Wikidata is the new, large-scale knowledge base of the Wikimedia Foundation which can be edited by anyone. Its knowledge is increasingly used within Wikipedia as well as in all kinds of information systems, which imposes high demands on its integrity. Nevertheless, Wikidata frequently gets vandalized, exposing all its users to the risk of spreading vandalized and falsified information.
Given a Wikidata revision, compute a vandalism score denoting the likelihood of this revision being vandalism (or similarly damaging).
The three best-performing approaches submitted by eligible participants as per the performance measures used for this task will receive the following awards, kindly sponsored by Adobe Systems, Inc.:
Furthermore, Wikimedia Germany supports the transfer of the scientific insights gained in this task by inviting the eligible participants who submitted the best-performing approaches to visit them for a couple of days in order to work together on planning a potential integration of the approach into Wikidata.
The goal of the vandalism detection task is to detect vandalism nearly in real time as soon as it happens. Hence, the following rules apply:
To develop your software, we provide you with a training corpus that consists of Wikidata revisions and whether they are considered vandalism.
The Wikidata Vandalism Corpus 2016 contains revisions of the knowledge base Wikidata. The corpus comprises manual revisions only, while all revisions by official bots were filtered out. For each revision, we provide the information whether it is considered vandalism (ROLLBACK_REVERTED) or not. Unlike the Wikidata dumps, revisions are ordered chronologically by REVISION_ID (i.e., in the order they arrived at Wikidata). For training, we provide data until February 29, 2016. The evaluation will be conducted on later data.

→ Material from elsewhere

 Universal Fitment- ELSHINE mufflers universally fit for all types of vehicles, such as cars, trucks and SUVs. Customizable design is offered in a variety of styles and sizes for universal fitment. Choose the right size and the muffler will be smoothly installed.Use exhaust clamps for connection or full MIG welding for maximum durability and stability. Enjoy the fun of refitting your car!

The provided training data consists of 23 files in total. You can check their validty via their md5 checksums.
Name | Types | Description |
---|---|---|
REVISION_ID | Integer | The Wikidata revision id |
REVISION_SESSION_ID | Integer | The Wikidata revision id of the first revision in this session |
USER_COUNTRY_CODE | String | Country code for IP address (only available for unregistered users) |
USER_CONTINENT_CODE | String | Continent code for IP address (only available for unregistered users) |
USER_TIME_ZONE | String | Time zone for IP address (only available for unregistered users) |
USER_REGION_CODE | String | Region code for IP address (only available for unregistered users) |
USER_CITY_NAME | String | City name for IP address (only available for unregistered users) |
USER_COUNTY_NAME | String | County name for IP address (only available for unregistered users) |
REVISION_TAGS | List<String> | The Wikidata revision tags |
Name | Types | Description |
---|---|---|
REVISION_ID | Integer | The Wikidata revision id |
ROLLBACK_REVERTED | Boolean | Whether this revision was reverted via the rollback feature |
UNDO_RESTORE_REVERTED | Boolean | Whether this revision was reverted via the undo/restore feature |
The ROLLBACK_REVERTED field encodes the official ground truth for this competition. The UNDO_RESTORE_REVERTED field serves informational purposes only.

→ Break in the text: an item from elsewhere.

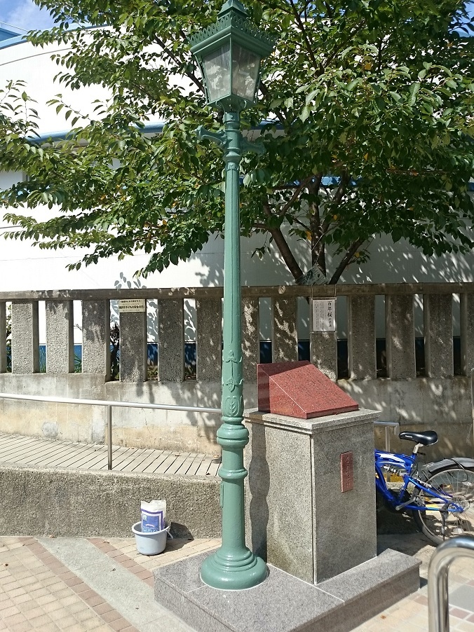 桜木町駅から徒歩3分程度、横浜市中区花咲町の本町小学校の校門前にガス灯と記念碑が立っています。明治3年この場所に高島嘉右衛門という実業家がガス会社を設立したそうです。今まで知りませんでしたが、ガス事業の発祥は東京より横浜の方が早かったのですね。

The truth file will only be available for the training dataset but not for test datasets.
The corpus can be processed, for example, with Wikidata Toolkit.
For validating your software, we provide you with a validation dataset that encompasses the two months succeeding the training dataset. The provided validation data consists of 3 files and you can check their validty via their md5 checksums.
For the final evaluation of submissions, we used the two months of data succeeding the validation dataset. The data was not publicly released until after the submission deadline. The test data consists of 3 files and you can check their validty via their md5 checksums.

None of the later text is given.